### DATA SEGMENT ###
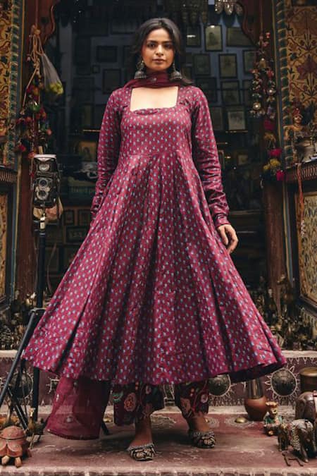 Wine printed Anarkali set made from soft cambric cotton. Set includes a matching printed pant and dupatta.
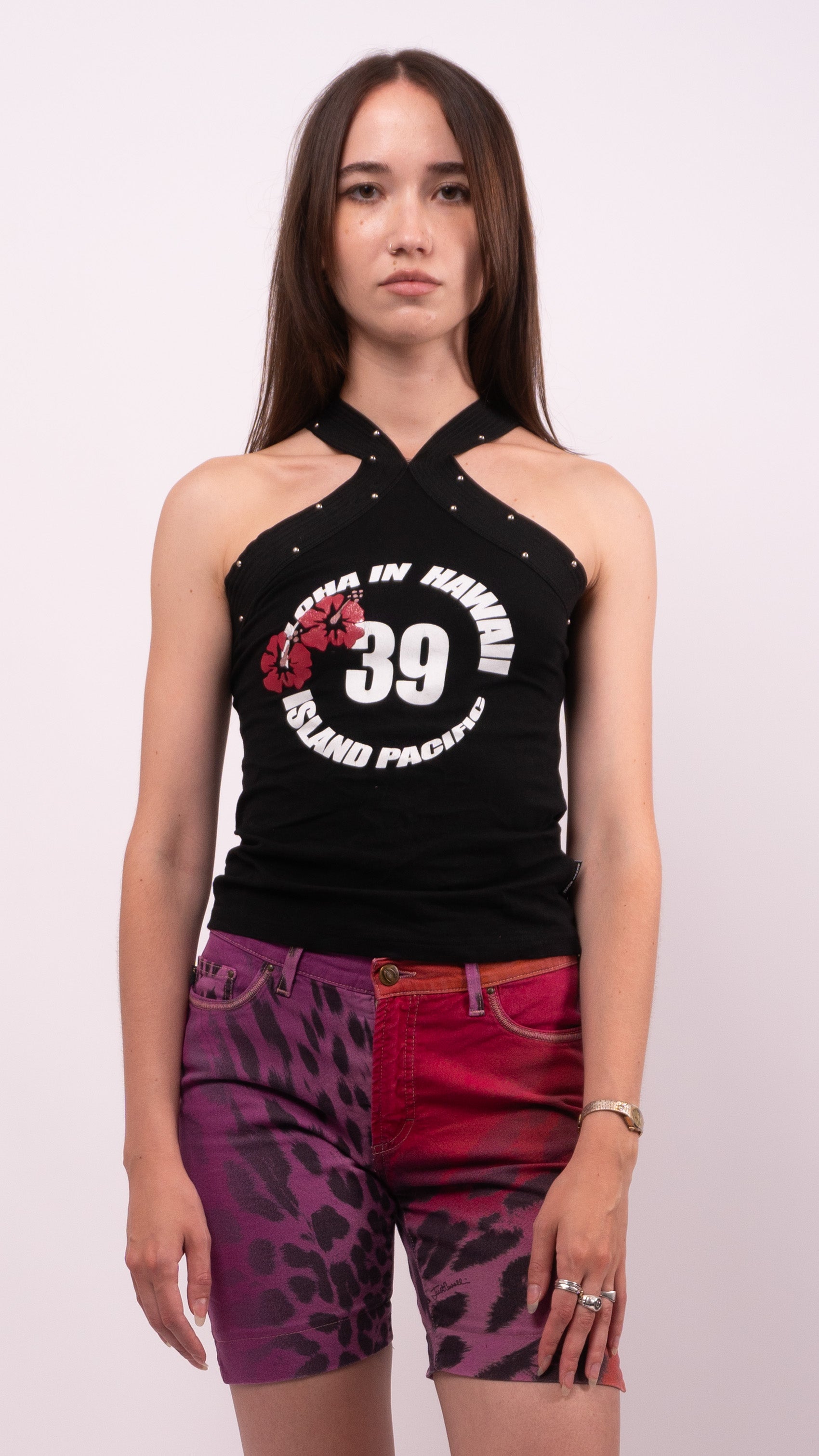 Denny Rose Twisted Studded Halter Neck Graphic Top
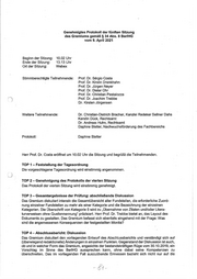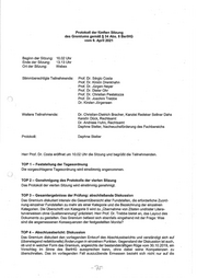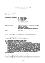 Protokoll der sechsten Sitzung des Gremiums gemäß $ 34 Abs. 8 BerIHG vom 16, April 2021 Beginn der Sitzung: 9.00 Uhr Ende der Sitzung: 10.10 Uhr Ort der Sitzung: Webex Stimmberechtigte Teilnehmende: Prof. Dr. Sergio Costa Prof. Dr. Kirstin Drenkhahn Prof. Dr. Jürgen Neyer Prof. Dr. Dieter Ohr Prof, Dr. Christian Pestalozza Prof. Dr. Joachim Trebbe Dr. Kirsten Jörgensen Weitere Teilnehmende: Dr. Christian-Dietrich Bracher, Kanzlei Redeker Sellner Dahs Kerstin Dück, Rechtsamt Dr. Andreas Huhn, Rechtsamt Daphne Stelter, Nachwuchsförderung des Fachbereichs Protokoll: Daphne Stelter Herr Prof. Dr. Costa eröffnet um 9.00 Uhr die Sitzung und begrüßt die Teilnehmenden. TOP 1-- Feststellung der Tagesordnung Die vorgeschlagene Tagesordnung wird einstimmig angenommen. TOP 2 - Genehmigung des Protokolls der fünften Sitzung Das Protokoll der fünften Sitzung wird einstimmig genehmigt. TOP 3 - Beschlussfassung über den Schlussbericht und die Anlagen Das Gremium diskutiert den Entwurf für seinen abschließenden Bericht. Nach Vornahme von Korrekturen und Änderungen wird der aktualisierte Schlussbericht zur Abstimmung gestellt und einstimmig beschlossen. Es besteht Einmütigkeit darüber, die Anlagen | und Il einer abschließenden Justierung hinsichtlich der Darstellung der Quellenangaben in der Tabelle (Anlage !) und der Quellenbenennungen im Quellenverzeichnis (Anlage Il) zuzuführen und über ihre Endfassungen im Umlaufverfahren abzu- stimmen. TOP 4 - Weitere Verfahrensschritte Die Überarbeitungen werden bis Mittwoch, den 21. April 2021 vorgenommen und die aktualisierten Dateien den Mitgliedern des Gremiums zur Verfügung gestellt. Die anschließende Abstimmung im Umlaufverfahren erfolgt bis Freitag, den 23. April 2021. Herr Prof. Dr. Costa schließt die Sitzung um 10.10 Uhr
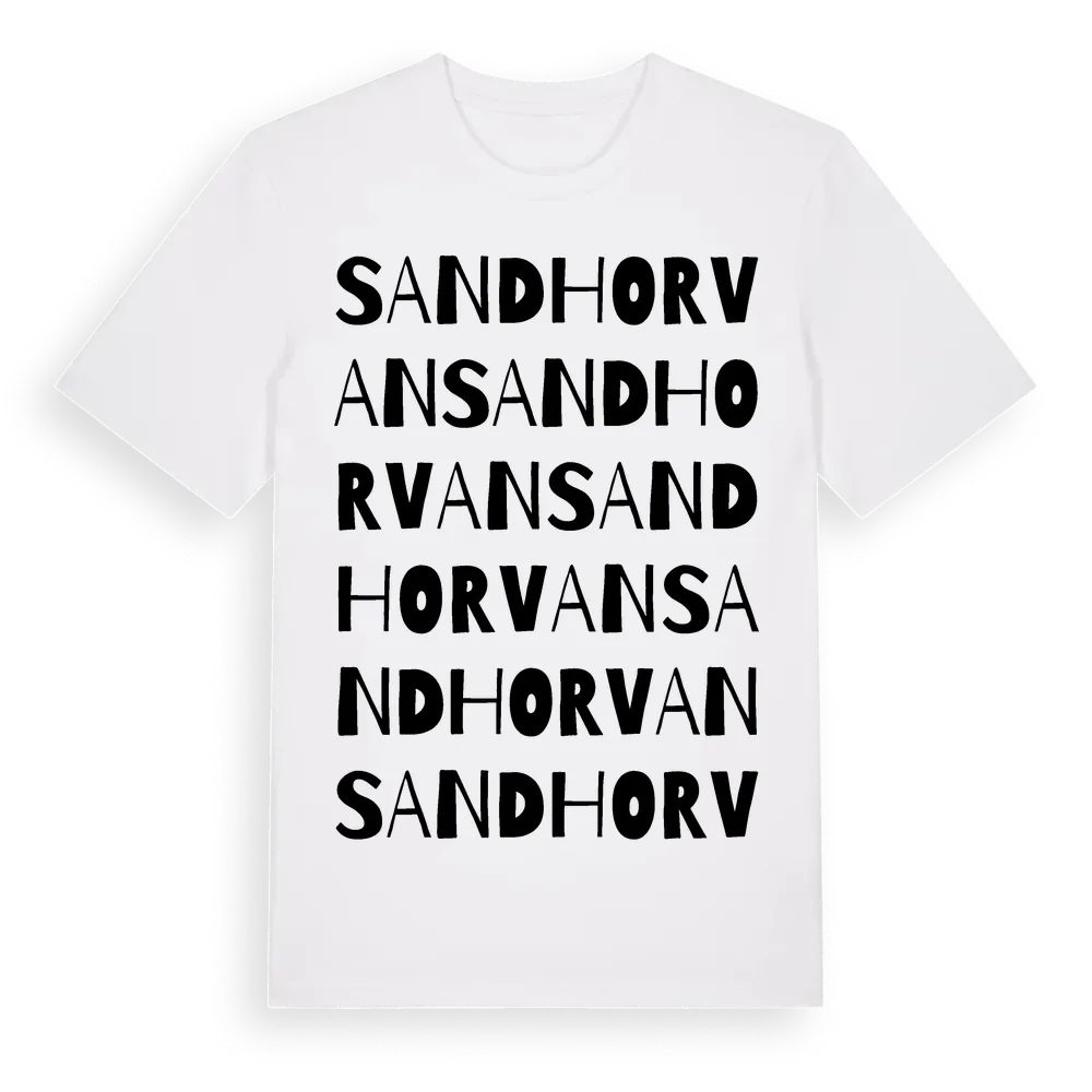 Sandhorvan ordlek t-shirt är inspirerad av Sandhorvan i Kalmar län, Sverige. Tröjan är designad för dig som har en speciell koppling till platsen – oavsett om du bor här, har rötterna här eller bara älskar Sandhorvan.
###
- [DESCRIPTION OF THE TASK] Output the full material exactly as given, without its pictures.

- [WORKED SOLUTION]
 Wine printed Anarkali set made from soft cambric cotton. Set includes a matching printed pant and dupatta.
 Denny Rose Twisted Studded Halter Neck Graphic Top
 Protokoll der sechsten Sitzung des Gremiums gemäß $ 34 Abs. 8 BerIHG vom 16, April 2021 Beginn der Sitzung: 9.00 Uhr Ende der Sitzung: 10.10 Uhr Ort der Sitzung: Webex Stimmberechtigte Teilnehmende: Prof. Dr. Sergio Costa Prof. Dr. Kirstin Drenkhahn Prof. Dr. Jürgen Neyer Prof. Dr. Dieter Ohr Prof, Dr. Christian Pestalozza Prof. Dr. Joachim Trebbe Dr. Kirsten Jörgensen Weitere Teilnehmende: Dr. Christian-Dietrich Bracher, Kanzlei Redeker Sellner Dahs Kerstin Dück, Rechtsamt Dr. Andreas Huhn, Rechtsamt Daphne Stelter, Nachwuchsförderung des Fachbereichs Protokoll: Daphne Stelter Herr Prof. Dr. Costa eröffnet um 9.00 Uhr die Sitzung und begrüßt die Teilnehmenden. TOP 1-- Feststellung der Tagesordnung Die vorgeschlagene Tagesordnung wird einstimmig angenommen. TOP 2 - Genehmigung des Protokolls der fünften Sitzung Das Protokoll der fünften Sitzung wird einstimmig genehmigt. TOP 3 - Beschlussfassung über den Schlussbericht und die Anlagen Das Gremium diskutiert den Entwurf für seinen abschließenden Bericht. Nach Vornahme von Korrekturen und Änderungen wird der aktualisierte Schlussbericht zur Abstimmung gestellt und einstimmig beschlossen. Es besteht Einmütigkeit darüber, die Anlagen | und Il einer abschließenden Justierung hinsichtlich der Darstellung der Quellenangaben in der Tabelle (Anlage !) und der Quellenbenennungen im Quellenverzeichnis (Anlage Il) zuzuführen und über ihre Endfassungen im Umlaufverfahren abzu- stimmen. TOP 4 - Weitere Verfahrensschritte Die Überarbeitungen werden bis Mittwoch, den 21. April 2021 vorgenommen und die aktualisierten Dateien den Mitgliedern des Gremiums zur Verfügung gestellt. Die anschließende Abstimmung im Umlaufverfahren erfolgt bis Freitag, den 23. April 2021. Herr Prof. Dr. Costa schließt die Sitzung um 10.10 Uhr
 Sandhorvan ordlek t-shirt är inspirerad av Sandhorvan i Kalmar län, Sverige. Tröjan är designad för dig som har en speciell koppling till platsen – oavsett om du bor här, har rötterna här eller bara älskar Sandhorvan.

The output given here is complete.